The problem -> Reproduce, character for character, the lines below from the first through the one with "në rrjetet sociale.". Leave pictures out.

Available data ->
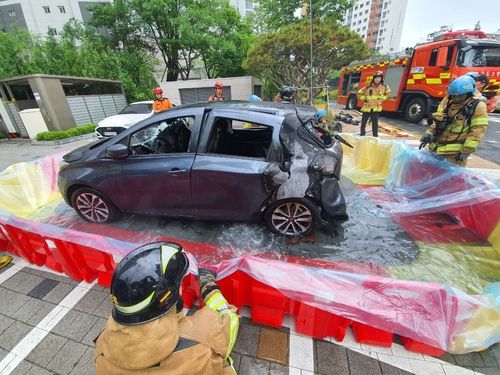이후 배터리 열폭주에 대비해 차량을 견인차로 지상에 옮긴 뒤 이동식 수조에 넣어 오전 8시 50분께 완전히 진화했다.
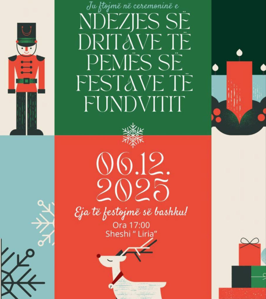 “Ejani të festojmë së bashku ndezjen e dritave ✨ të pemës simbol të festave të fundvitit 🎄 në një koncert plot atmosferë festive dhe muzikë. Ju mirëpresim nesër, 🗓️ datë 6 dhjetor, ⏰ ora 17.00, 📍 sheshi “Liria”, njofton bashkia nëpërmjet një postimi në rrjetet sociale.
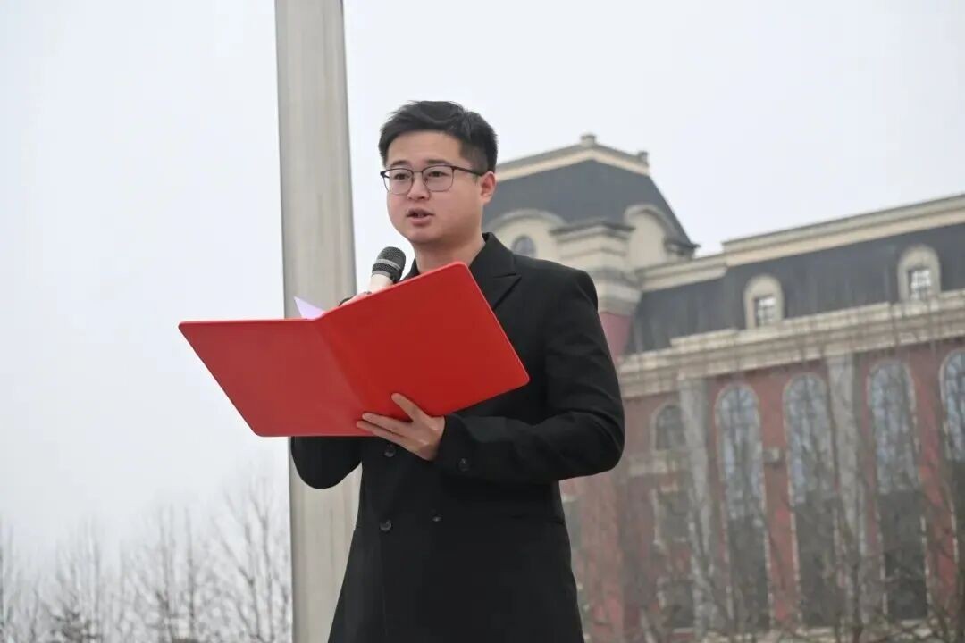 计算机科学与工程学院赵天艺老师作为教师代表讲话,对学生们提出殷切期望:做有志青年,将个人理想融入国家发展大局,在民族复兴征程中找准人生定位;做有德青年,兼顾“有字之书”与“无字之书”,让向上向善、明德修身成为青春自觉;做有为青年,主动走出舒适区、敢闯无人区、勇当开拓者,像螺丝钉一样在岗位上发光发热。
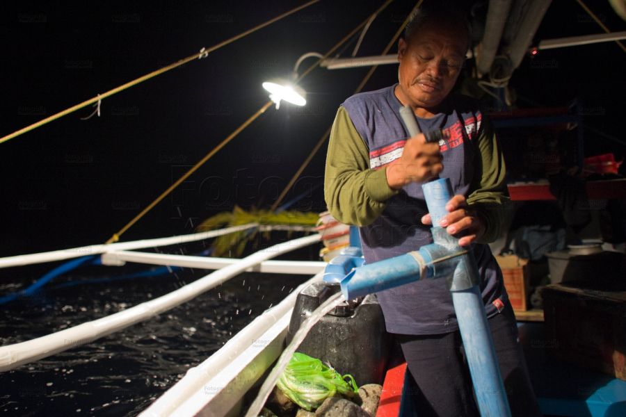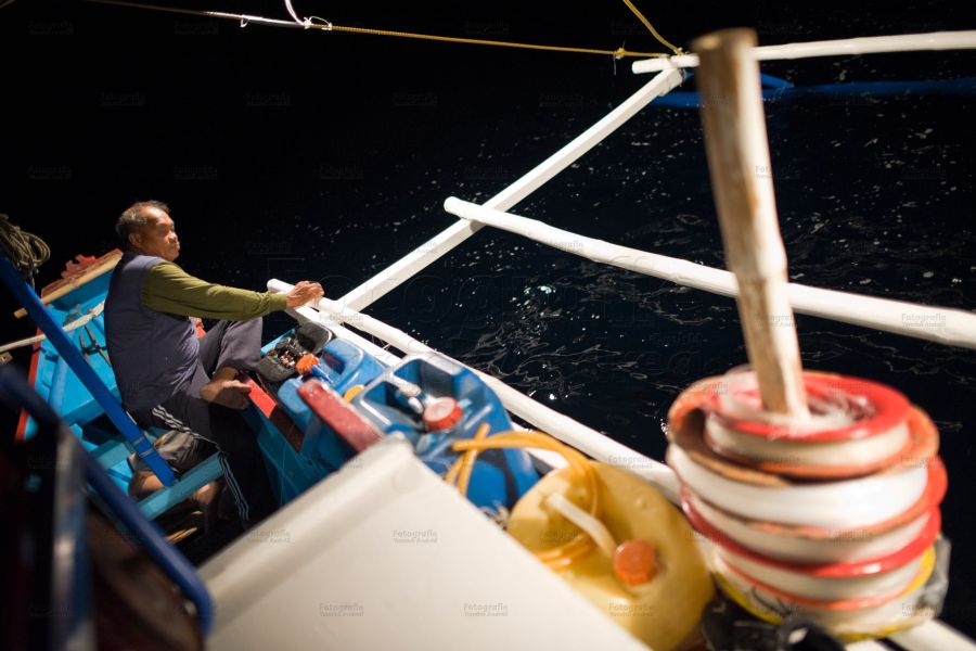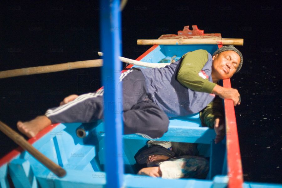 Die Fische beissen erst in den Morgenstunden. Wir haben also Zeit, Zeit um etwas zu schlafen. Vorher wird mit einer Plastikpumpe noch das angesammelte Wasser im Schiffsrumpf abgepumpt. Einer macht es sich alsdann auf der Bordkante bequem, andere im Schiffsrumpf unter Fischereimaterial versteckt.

Written reply ->
이후 배터리 열폭주에 대비해 차량을 견인차로 지상에 옮긴 뒤 이동식 수조에 넣어 오전 8시 50분께 완전히 진화했다.
 “Ejani të festojmë së bashku ndezjen e dritave ✨ të pemës simbol të festave të fundvitit 🎄 në një koncert plot atmosferë festive dhe muzikë. Ju mirëpresim nesër, 🗓️ datë 6 dhjetor, ⏰ ora 17.00, 📍 sheshi “Liria”, njofton bashkia nëpërmjet një postimi në rrjetet sociale.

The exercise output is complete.